As for potential biological mechanisms, the associations of plasma fatty acid levels and genetic variations in FADS1/2 with type 2 diabetes may be mediated by impaired glucose tolerance and beta cell dysfunction, as suggested by the present MR study. It has been postulated that POA may prevent beta cell apoptosis induced by glucose or SFAs [34]. Fatty acids are crucial structural components of cell membranes. The flexibility of a membrane, determined by the ratio of unsaturated to saturated fatty acyl chains of its phospholipids, influences the effectiveness of glucose transport via insulin-dependent glucose transporters [35]. A shift from unsaturated towards saturated fatty acyl chains of membrane phospholipids results in a decrease in glucose effectiveness and insulin sensitivity [36]. Fatty acids are further precursors of eicosanoids, which may affect type 2 diabetes risk through inflammation [36, 37]. An experimental study in mice showed that loss of Δ-5 desaturase activity promoted hepatic inflammation and implied that endogenously synthesised AA and EPA are key determinants of inflammatory disease progression [38]. Associations of fatty acids with type 2 diabetes might also be explained by the effects of fatty acids on the gastrointestinal tract [37], intestinal microbiome [39] and nervous system [37].

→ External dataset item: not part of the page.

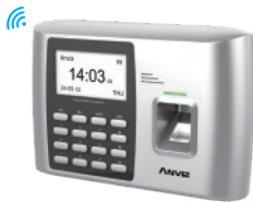
A300 (World Popular Model)

A further mechanism whereby fatty acids might affect the risk of type 2 diabetes is through blood cholesterol levels, which are inversely associated with risk of type 2 diabetes [40]. A meta-analysis of 60 trials revealed that SFAs increase total cholesterol and LDL-cholesterol levels, whereas MUFAs and PUFAs have the opposite effect, and that all types of fatty acid increase HDL-cholesterol levels [41]. The minor allele (C) of both rs174547 and rs102275 is associated with decreased levels of LDL-cholesterol, HDL-cholesterol and total cholesterol [42]. Thus, we would have expected a higher rather than lower odds of type 2 diabetes for the minor allele of rs174547 and rs102275 if the associations were mediated by cholesterol levels.

Conclusions

This MR study showed that genetic predisposition to higher plasma ALA, LA, POA and OA levels and lower EPA, DPA, AA and SA levels was associated with lower odds of type 2 diabetes, lower fasting glucose levels and higher HOMA-B score. However, the causality for any individual fatty acid, except POA, cannot be inferred from this study due to the high correlation between the fatty acids. Notably, the observed associations, except that for POA, appeared to be driven by genetic variants in or close to FADS1/2. Replication of our finding for POA in an independent MR study would provide strong evidence for a causal effect. Further research is needed to unravel the role of individual fatty acids in the prevention of type 2 diabetes.